L’argument géopolitique est réel, mais il est surutilisé pour analyser l’uranium. La sécurité énergétique est devenue une priorité politique absolue, et cela est déjà intégré dans la réflexion des électriciens sur la charge de base. Ce n’est pas une nouvelle information. La nouveauté, c’est le timing : cette petite phase de faiblesse des prix donne aux acheteurs l’occasion de verrouiller des contrats à des niveaux qui, en 2028, les feront passer pour des génies.
Bien sûr, cette thèse peut échouer. L’hypothèse la plus fragile est que les électriciens soient réellement en phase d’achat active plutôt que dans l’attentisme — si les anticipations de taux se durcissent encore, avec un rendement à 2 ans flirtant avec les 4,2 % et des coûts de financement qui grimpent, le pipeline de nouvelles capacités pourrait ralentir. Un revirement politique majeur dans un ou deux grands marchés nucléaires pourrait également miner les projections de demande, poussant les électriciens à différer leurs engagements.

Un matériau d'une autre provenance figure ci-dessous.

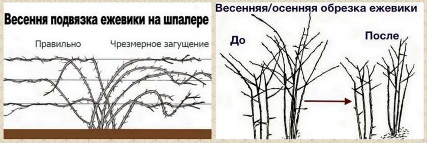 Осенью, после сбора урожая, удаляют плодоносившие ветки под корень, а также убирают сухие и с признаками заболеваний ветви. Молодую слабую поросль тоже необходимо срезать. Выращивание описываемого сорта не возможно без опоры. Самый удобный способ по отзывам садоводов — это шпалеры.
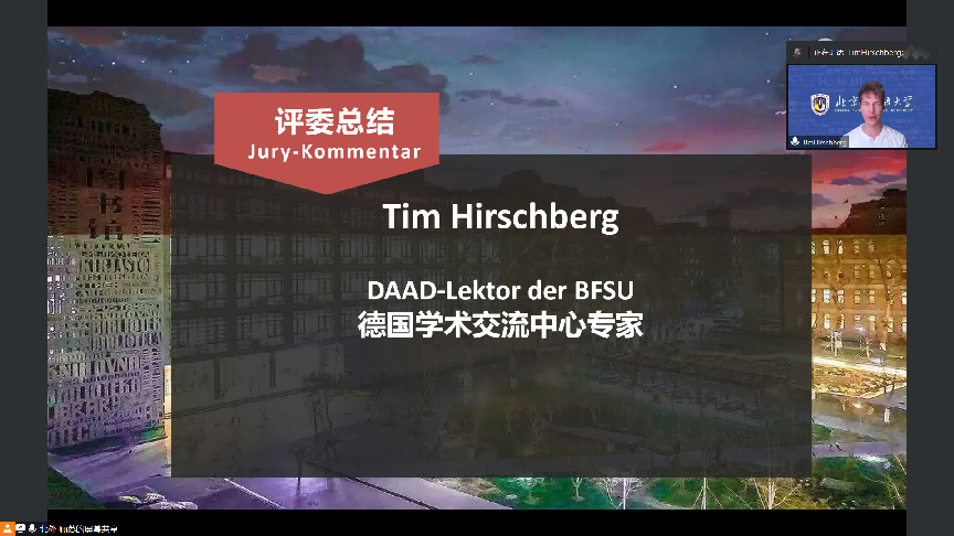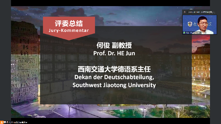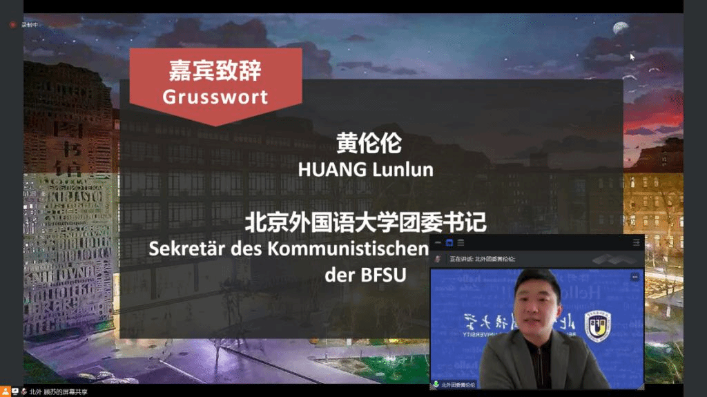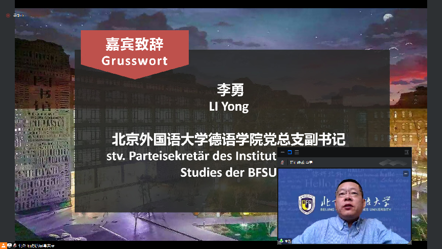 4月16日上午,春意融融,生机盎然。由必赢242net官网主办的“第五届全国高校本科生德语配音大赛”(以下简称大赛)初赛在姹紫嫣红的美好春日以线上方式开幕。必赢242net官网团委书记黄伦伦、必赢242net官网党总支副书记李勇出席开幕式并致辞,必赢242net官网师生代表以及来自全国48所高校的评委老师和参赛队伍参加了开幕式。
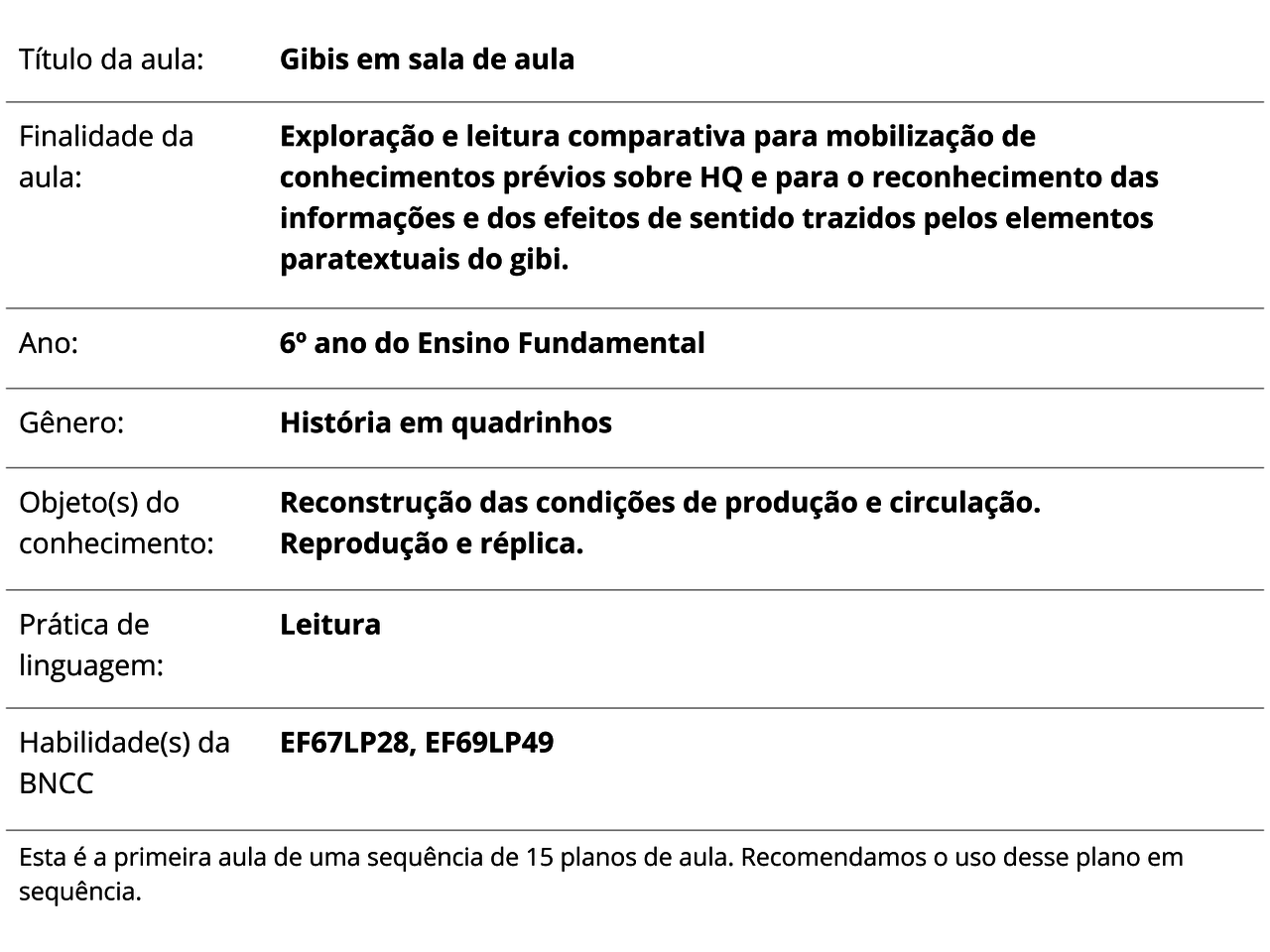 Plano De Aula 6º Ano Língua Portuguesa Gibis Em Sala
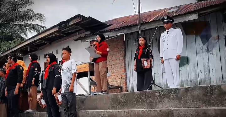 Kampar, Catatanriau.com - Dalam Rangka memperingati detik - detik Proklamasi Pemdes Desa Wisata Buluhcina Kecamatan Siak Hulu Kabupaten Kampar Riau lakukan Upacara Bendera Sang Merah Putih di Jembatan Gantung Duo Suku,17 Agustus 2025.
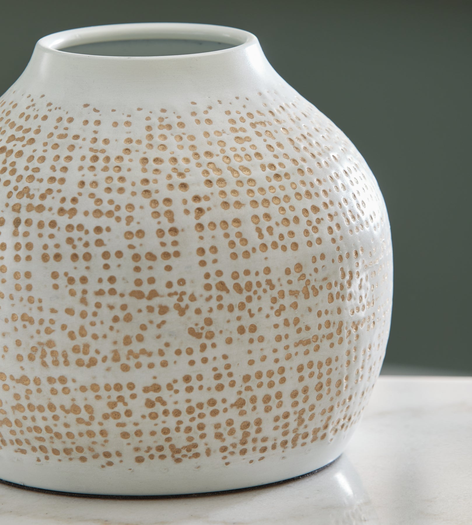 | Details | Includes 3 vases and 2 sculptures, Made of metal, Vases with white finish and goldtone accents, Sculptures with goldtone finish, Vases not watertight; suitable for faux/dried florals and greenery only | |
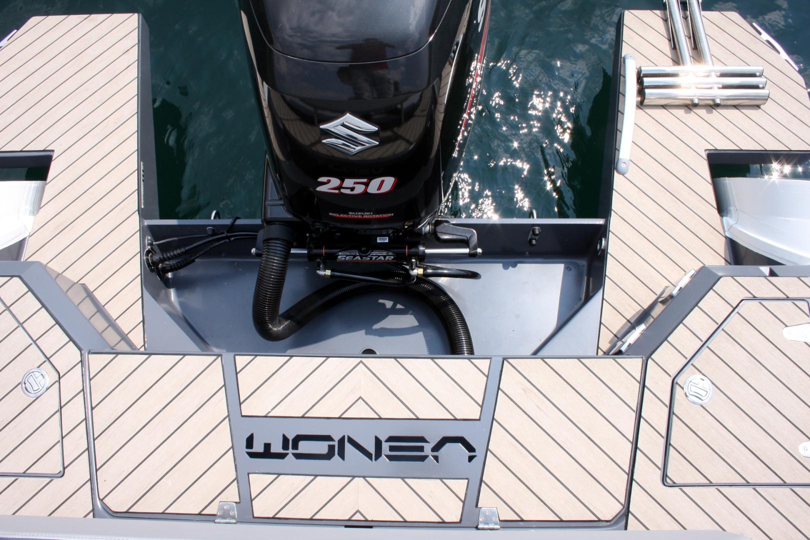Tale scelta è stata il frutto di analisi precise, dalle quali è scaturita la volontà di adottare un motore capace di incontrare le particolarità del mezzo e di enfatizzarne le doti. Per questo il Suzuki DF250AP si rivela un valido alleato, che con i suoi 250 HP erogati da un propulsore a 6 cilindri disposti a V a 55° è un fuoribordo tecnologicamente avanzato e in grado di garantire le doti di affidabilità tipiche dei motori Suzuki, a fronte di consumi contenuti e un’erogazione di coppia sempre pronta. Efficienza ottenuta con accorgimenti d’avanguardia e in alcuni casi esclusivi di Suzuki, a cominciare dall’adozione di due bancate disposte a V a 55° anziché i tipici 60°, da cui derivano pesi e ingombri contenuti nonostante una cilindrata totale di 4.028 cm3.
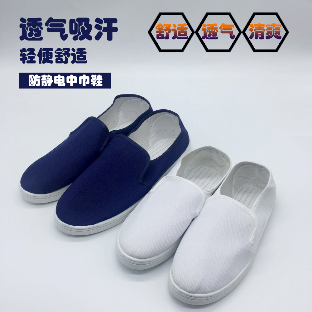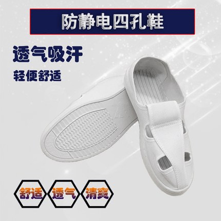 静电鞋白色工作鞋帆布无尘鞋净化鞋夏季透气四孔鞋防静电鞋洁净鞋

Enfin, une reprise brutale du prix spot sans confirmation sur le marché contractuel suggérerait une bulle spéculative, ce qui viderait la thèse de toute substance.
Le contexte du Nasdaq : la clôture à 21 879,2 le 4 avril reflète un marché qui digère l’incertitude sur les taux et se dégage des actifs risqués. L’uranium, via un ETF adossé à une matière première physique, est entraîné dans ce mouvement par des investisseurs qui vendent tout ce qui présente de la volatilité. C’est probablement une erreur de jugement pour l’uranium spécifiquement, mais cela explique l’action des prix sans que le récit de fond sur la demande ne change.
L’uranium occupe une place singulière dans le paysage énergétique : il bénéficie des vents porteurs politiques des renouvelables, de la fiabilité de la charge de base du gaz naturel, et des tensions sur les chaînes d’approvisionnement des métaux critiques. Aucune de ces trois catégories ne se porte bien en Bourse en ce moment. L’uranium absorbe la baisse des trois simultanément, ce qui signifie soit que la vente est exagérée, soit que les récits sont moins solides qu’ils n’en ont l’air. Probablement un peu des deux.
Le graphique de janvier à mars 2026 — 48,6 $, 52,8 $, 48,9 $ — ressemble à du bruit. Peut-être l’est-il. Les contrats signés en ce moment dans des bureaux sans tickers boursiers auront bien plus d’impact sur le prix de l’uranium en 2028 que tout ce qui a pu arriver durant ces trois mois. Le marché spot n’est que l’ombre ; la fenêtre de passation des contrats est l’objet lui-même. La volatilité des marchés actions est déjà intégrée dans les cours ; le basculement structurel des contrats d’approvisionnement nucléaire, lui, ne l’est pas encore.
Le marché des matières premières le plus capitalistique et le plus long en termes de délais au monde ne fixe pas ses prix à l’instinct ou sur les humeurs trimestrielles — même si votre écran vous dit le contraire.